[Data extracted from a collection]
--- START ---
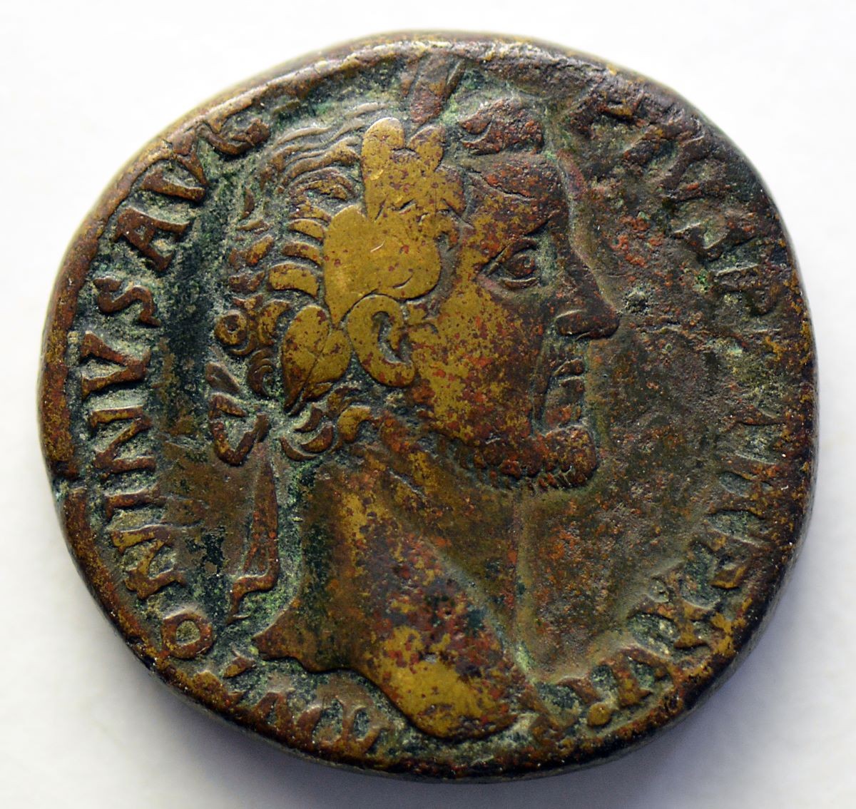 Vs.: Umschrift: «ANTONINVS AVG – PIVS P P TR P XVI». (Antoninus Augustus Pius Pater Patriae Tribunicia Potestate Sexta Decima [zum 16. Mal Volkstribun]). In Linienkreis Kopf von Antoninus Pius mit Lorbeerkranz (Symbol des Siegs und Ruhms) nach rechts.
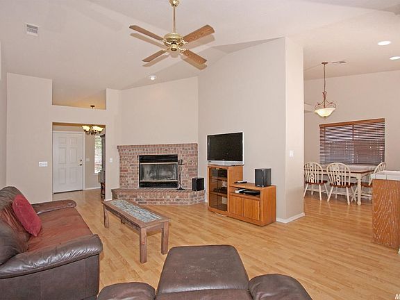 Don’t miss out on this lovely 3 Bedroom, 2 bath single-story ranch style home. Great schools and affordably priced within Creekview Ranch and Woodcreek High School’s boundaries! Vaulted ceilings and fresh interior paint throughout the home offer a bright and spacious experience. Newer laminate floors in the entry, kitchen, family room and hallways takes care of those high traffic area. The kitchen has been updated with newer stainless steel Frigidaire appliances and has a cozy breakfast area. Other features include oak cabinetry and tile counters in the kitchen and baths; tile flooring in the bathrooms; a beautiful brick fireplace with a piped gas stub; recessed lighting; ceiling fans in all bedrooms; and a master bedroom suite with a sliding glass door for immediate access to the back yard, a walk-in closet and dual sinks, skylight and a soak tub in the master bath. Outside you’ll find a low maintenance back yard with a covered concrete patio right off the family room. Great proximity to nearby shopping amenities, public transportation and Denio’s Market! NO HOA’s NO MELLO ROOS!
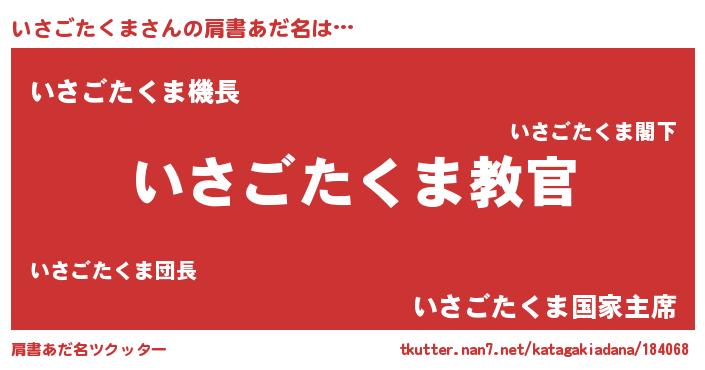 | 男性向けラノベタイトル風あだ名 | 『魔弾の王といさごたくま』 |
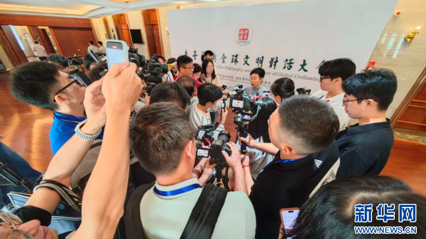 与会学者接受媒体采访。新华网 刘默涵 摄
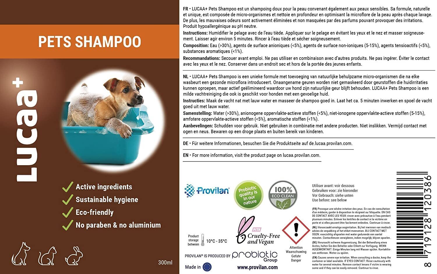 LUCAA+ Pet Shampoo is a unique formula with added natural helpful microorganisms that introduces a healthy microflora after each wash. Organic molecules responsible for unpleasant odours are not masked by fragrances that can evoke skin irritations, but actively eliminated so your dog keeps its natural fragrance. The environmentally friendly ingredients are safe to use for any type of fur.
--- END ---
Required work – Output each line above exactly as it stands, omitting the pictures.

Exercise solution –
 Vs.: Umschrift: «ANTONINVS AVG – PIVS P P TR P XVI». (Antoninus Augustus Pius Pater Patriae Tribunicia Potestate Sexta Decima [zum 16. Mal Volkstribun]). In Linienkreis Kopf von Antoninus Pius mit Lorbeerkranz (Symbol des Siegs und Ruhms) nach rechts.
 Don’t miss out on this lovely 3 Bedroom, 2 bath single-story ranch style home. Great schools and affordably priced within Creekview Ranch and Woodcreek High School’s boundaries! Vaulted ceilings and fresh interior paint throughout the home offer a bright and spacious experience. Newer laminate floors in the entry, kitchen, family room and hallways takes care of those high traffic area. The kitchen has been updated with newer stainless steel Frigidaire appliances and has a cozy breakfast area. Other features include oak cabinetry and tile counters in the kitchen and baths; tile flooring in the bathrooms; a beautiful brick fireplace with a piped gas stub; recessed lighting; ceiling fans in all bedrooms; and a master bedroom suite with a sliding glass door for immediate access to the back yard, a walk-in closet and dual sinks, skylight and a soak tub in the master bath. Outside you’ll find a low maintenance back yard with a covered concrete patio right off the family room. Great proximity to nearby shopping amenities, public transportation and Denio’s Market! NO HOA’s NO MELLO ROOS!
 | 男性向けラノベタイトル風あだ名 | 『魔弾の王といさごたくま』 |
 与会学者接受媒体采访。新华网 刘默涵 摄
 LUCAA+ Pet Shampoo is a unique formula with added natural helpful microorganisms that introduces a healthy microflora after each wash. Organic molecules responsible for unpleasant odours are not masked by fragrances that can evoke skin irritations, but actively eliminated so your dog keeps its natural fragrance. The environmentally friendly ingredients are safe to use for any type of fur.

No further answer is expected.